WHAT THE EXERCISE ASKS >> All that is wanted is the exact text of the lines below from the one with "As Head of Communications" through the one with "the dance floor.", inclusive, minus any pictures.

SUPPLIED RECORDS >>
+ + + + + + +

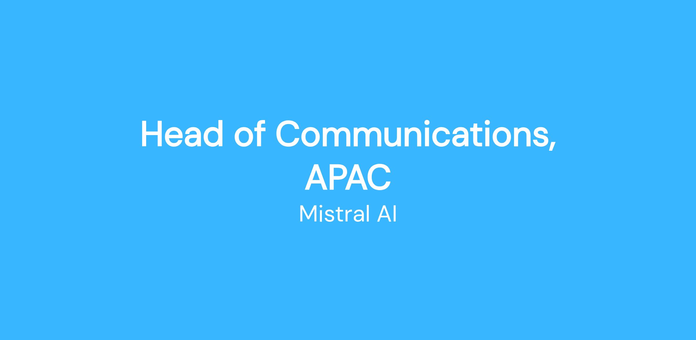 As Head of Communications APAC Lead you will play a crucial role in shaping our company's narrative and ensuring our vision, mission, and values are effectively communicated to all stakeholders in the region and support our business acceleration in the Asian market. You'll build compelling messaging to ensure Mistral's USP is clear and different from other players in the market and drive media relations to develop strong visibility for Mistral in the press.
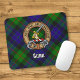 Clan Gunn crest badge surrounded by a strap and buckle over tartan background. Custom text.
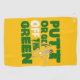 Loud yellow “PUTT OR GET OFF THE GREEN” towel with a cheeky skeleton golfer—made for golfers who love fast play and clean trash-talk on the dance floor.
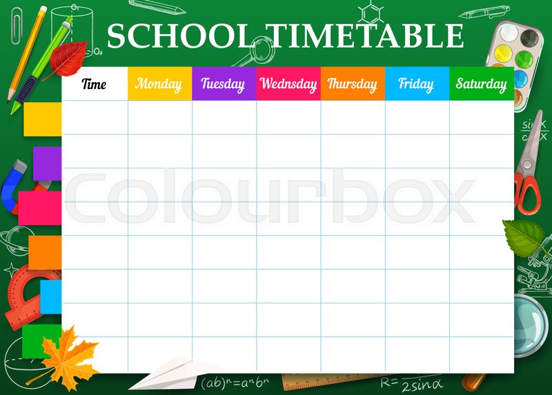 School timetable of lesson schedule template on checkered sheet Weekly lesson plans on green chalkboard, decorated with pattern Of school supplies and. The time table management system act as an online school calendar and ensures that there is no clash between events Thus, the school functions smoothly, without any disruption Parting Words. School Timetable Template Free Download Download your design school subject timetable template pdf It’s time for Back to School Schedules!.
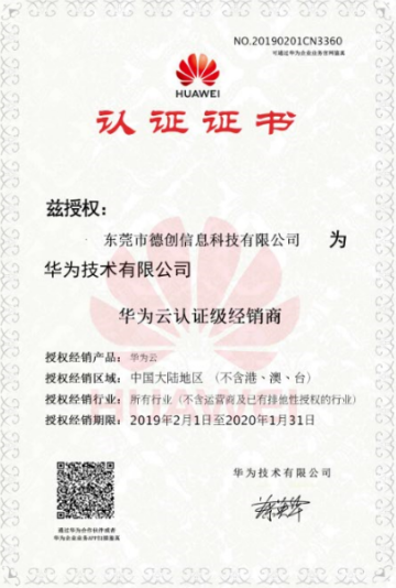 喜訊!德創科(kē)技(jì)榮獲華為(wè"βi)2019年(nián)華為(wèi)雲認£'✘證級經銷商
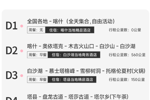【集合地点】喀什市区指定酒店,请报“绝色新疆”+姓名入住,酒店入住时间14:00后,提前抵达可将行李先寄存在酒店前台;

+ + + + + + +

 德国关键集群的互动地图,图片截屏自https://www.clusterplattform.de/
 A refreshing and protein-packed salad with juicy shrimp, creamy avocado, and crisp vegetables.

+ + + + + + +

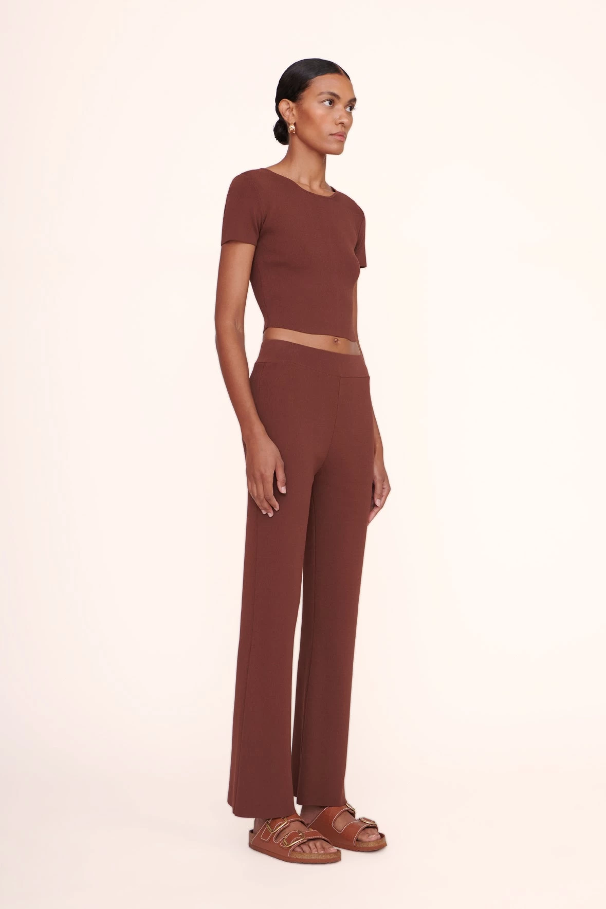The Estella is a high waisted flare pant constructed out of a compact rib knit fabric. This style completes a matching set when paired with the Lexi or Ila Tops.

+ + + + + + +

PROBLEM SOLUTION >>
 As Head of Communications APAC Lead you will play a crucial role in shaping our company's narrative and ensuring our vision, mission, and values are effectively communicated to all stakeholders in the region and support our business acceleration in the Asian market. You'll build compelling messaging to ensure Mistral's USP is clear and different from other players in the market and drive media relations to develop strong visibility for Mistral in the press.
 Clan Gunn crest badge surrounded by a strap and buckle over tartan background. Custom text.
 Loud yellow “PUTT OR GET OFF THE GREEN” towel with a cheeky skeleton golfer—made for golfers who love fast play and clean trash-talk on the dance floor.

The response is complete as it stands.